Optima SC Inc.

http://www.optimasc.com













File identifier user manual







Field name


Author

Carl Eric Codère

Document last modification date

2006-12-14

Document reference

MAN-S200401-02



Table of Contents

1 Overview 3

2 Resource categories 3

3 MIME identification 4

4 Metadata extraction 4

5 Resource identifier database 4

6 DEX Database export 5

7 Reports 5

7.1 HTML Reports 5

7.2 CSV Reports (Professional version only) 6

8 SFV file export 7

9 Command line options 7

10 Filename specifications 7

11 Operating system specific behavior 8

11.1 UNIX Systems 8

12 More information 8

13 Credits 8

14 Bugs and limitations 8

15 Bibliography 8

























































1 Overview

The file identifier software permits identifying files as well as getting information on directories from their content (thereafter called a resource), and not simply from their file extensions (in the case of files). Major features of the file identifier are as follow:

  1. Embedded metadata for certain file types

  2. Embedded XMP packet information support [2]

  3. 4DOS/4NT/4OS2 descript.ion file support

  4. DEX (Description explorer) database support (compatible with descript.ion file)

  5. Sidecar XMP file support

  6. External PAD (Portable application description) files (the filename associated with resource is extracted from within the PAD file itself)

2 Resource categories

All resources can be categorized to indicate the type of resource it is. The following categories currently exist:



3 MIME identification

The MIME types that will be identified are only those which are registered through IANA, all other MIME types will be ignored, as they are non-official.

4 Metadata extraction

The file identifier permits different several extraction methods of files. The brief method (selected by the -cb command line option), simply identifies the resource, and gives information on the file extensions of the resource (if any). This is the fastest method to use the file identifier, and is the default extraction. It does not extract metadata, it only gives information on the file format.

The second method, selected by -cs (standard search) on the command line, checks for metadata in a standard way by first checking in the dex database, sidecar xmp files and then embedded within the resource itself, it also identifies the resource. It does not search for special embedded metadata standards though (such as embedded XMP).

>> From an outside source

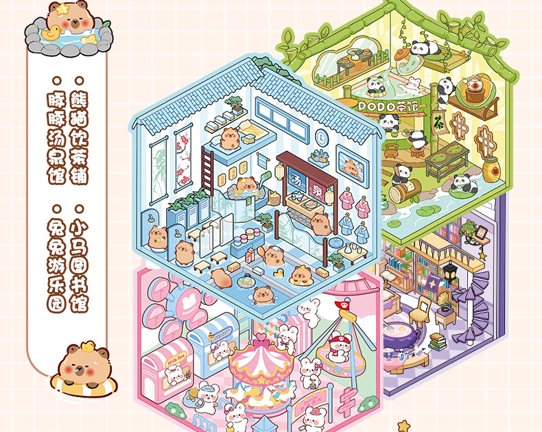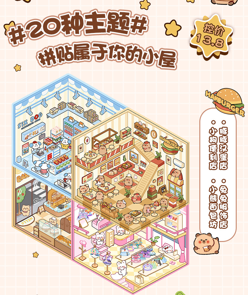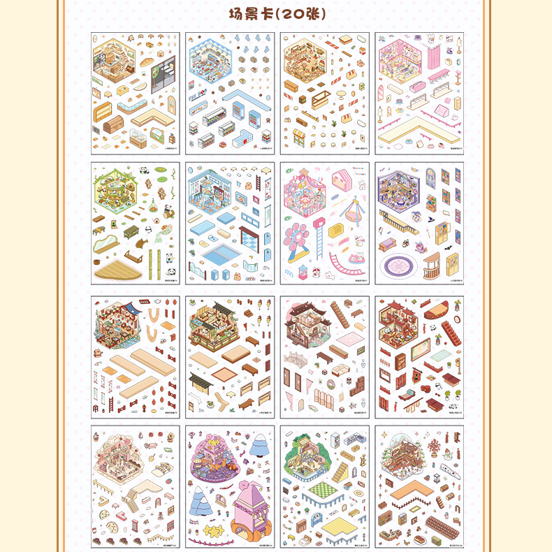 조경 스티커 컬렉션이 3D 3 차원 오두막 마이크로 스케일 장면 스티커 어린이 DIY 손 계정 교육 장난감 스티커스토어 가기

The final and slowest method (up 2-3 times slower than the standard search method), also searches byte per byte in the file to see if special embedded metadata packets are in the resource, irrespective of the file format. It also verifies and parses any XML file in the directory where the resource is located to determine if there is PAD metadata associated with this information This is the surest way to make sure to extract all metadata that is supported by the software. This option is selected by the -ch command line option.

Metadata extraction (-cs or -ch) on complete file systems can take up to several hours on local storage, especially with big files.

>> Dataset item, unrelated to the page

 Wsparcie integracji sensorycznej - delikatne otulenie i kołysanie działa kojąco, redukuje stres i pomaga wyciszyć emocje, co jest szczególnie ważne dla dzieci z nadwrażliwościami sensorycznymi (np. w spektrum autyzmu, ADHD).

5 Resource identifier database

The database is used each time the application is loaded, it contains the comments, as well as the MIME type and file extensions as well as how to identify the different resources. By default the the magic database file is searched in the same directory where the application was launched. The default database name is magic.db. It is possible to specify a different location for the database by using the -m command line option.

The database can easily be extended by hand to support identifying new resource types. Certain experience with the magic file format is necessary on how to add new entries. For more information on the format of the magic database, consult the Description Explorer magic database specification. [1].

6 DEX Database export

The DEX database is a database that is compatible with 4DOS/4NT/4OS2 descript.ion files (see [3]), it is used by the Description explorer software package to store extracted and modified metadata for the different resources on disk. It is also used by JPSoft 4NT/4DOS to store the title of the different resources.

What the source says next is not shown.